Carbon cycle feedbacks and the initiation of Antarctic glaciation in the earliest Oligocene

摘要

The initiation of Antarctic glaciation in the early Oligocene (～34 Ma) is represented by a distinct positive anomaly in the marine δ~(18)O record designated Oi-1 and accompanied by positive excursions in the mean δ~(13)C of oceanic dissolved inorganic carbon and biogenic sediment accumulation rates. Within 400 ky of the onset of Oi-1, the climate system settled into a more moderate but stable "glacial" state. Here, through modeling, we investigate two of the principal biogeochemical processes involved in this response: silicate weathering and marine organic carbon cycling. We initiate the event with a rapid drawdown in atmospheric CO_2 resulting from increased weatherability of the continents associated with Himalayan orogeny.

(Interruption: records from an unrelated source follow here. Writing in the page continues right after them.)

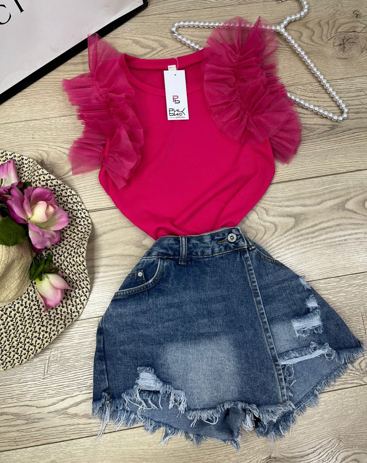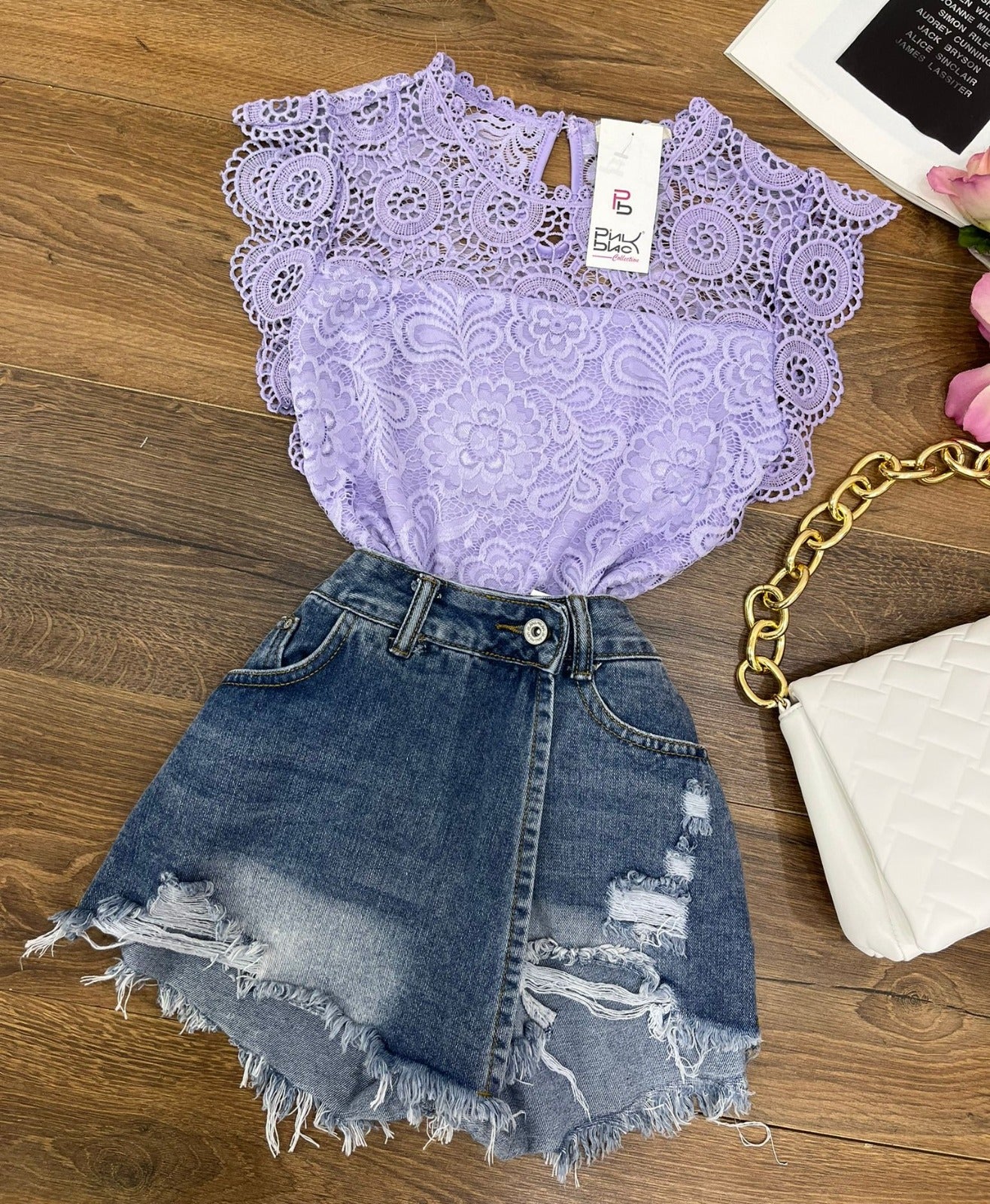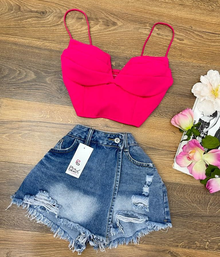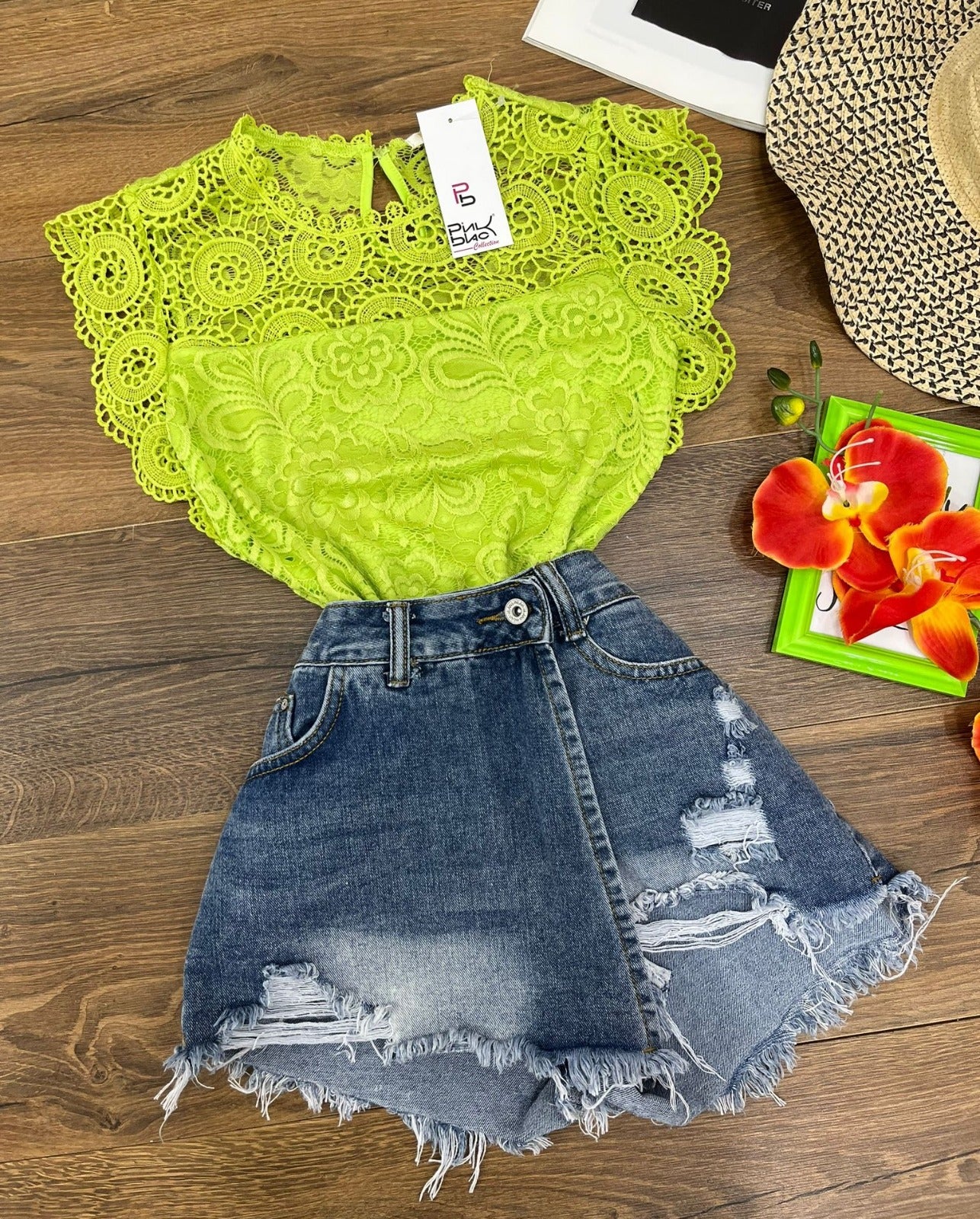 Pantagonna a jeans modello corto asimmetrico con strappi, orlo sfilacciato e tasche. Fabbricato all'estero.
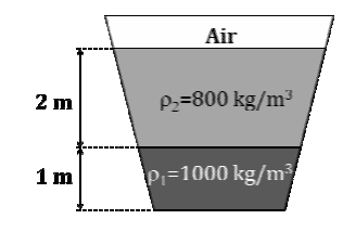 An open tank contains two immiscible liquids of densities (800 kg/m3 and 1000 kg/m3) as shown in the figure. If g=10 m/s2, under static conditions, the gauge pressure at the bottom of the tank in Pa is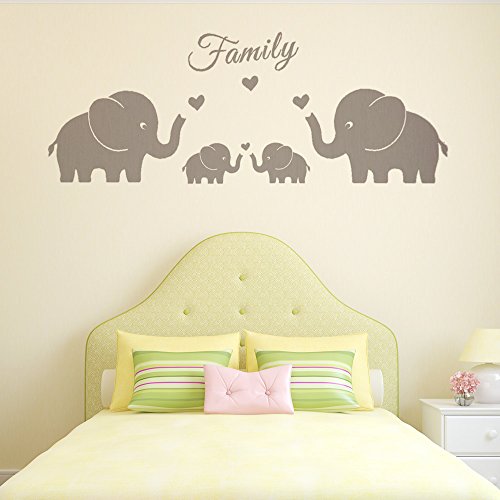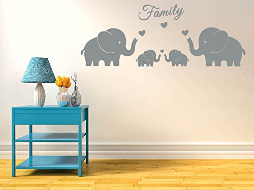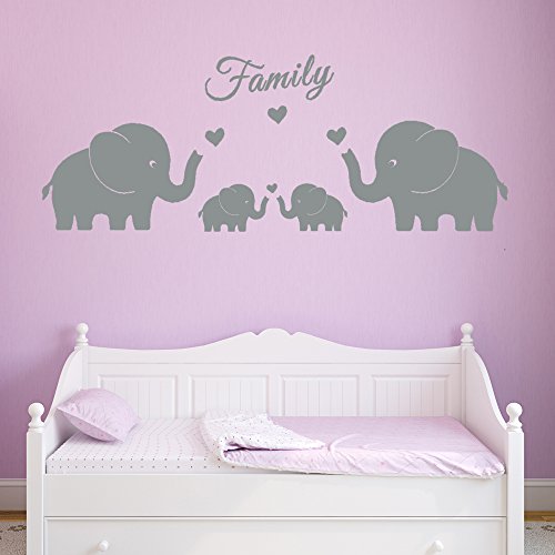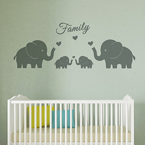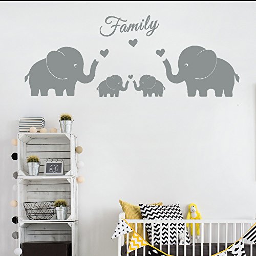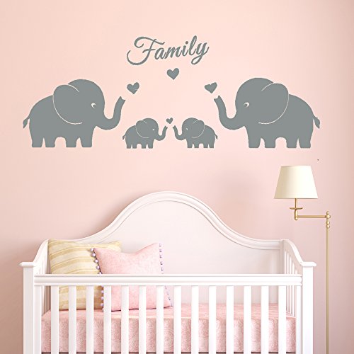 4 Cute Elephants Family Wall Decals Parents and Twins Elephant Wall Decal for Baby Nursery Love Heart Family Words Vinyl Wall Art Elephant Home Decor(Large size) (Grey)

This perturbation triggers the overshoot and adjustment of the δ~(18)O record because of feedback among ice-sheet coverage, silicate weathering rates, and atmospheric CO_2. The system is a damped oscillator, the strength of which depends on the sensitivity of chemical weathering rates to climate change and climate to changes in atmospheric CO_2. Increased oceanic mixing associated with initial transition into a glacial world accelerates the rates of biological productivity and carbon burial, lowering atmospheric CO_2 and accelerating global cooling and ice-sheet growth, and generating a carbon isotope response that crudely approximates that observed. The Oi-1 overshoot appears to require a rapid ( < 1 million year) application of the forcing (e.g., tectonic drawdown of atmospheric CO_2). Although further investigation and more sophisticated models ultimately may show that other triggers and feedbacks prevailed during Oi-1, the modeling presented here demonstrates that simple feedbacks in the climate system can explain the overshoot and adjustment response to early Oligocene climate forcing.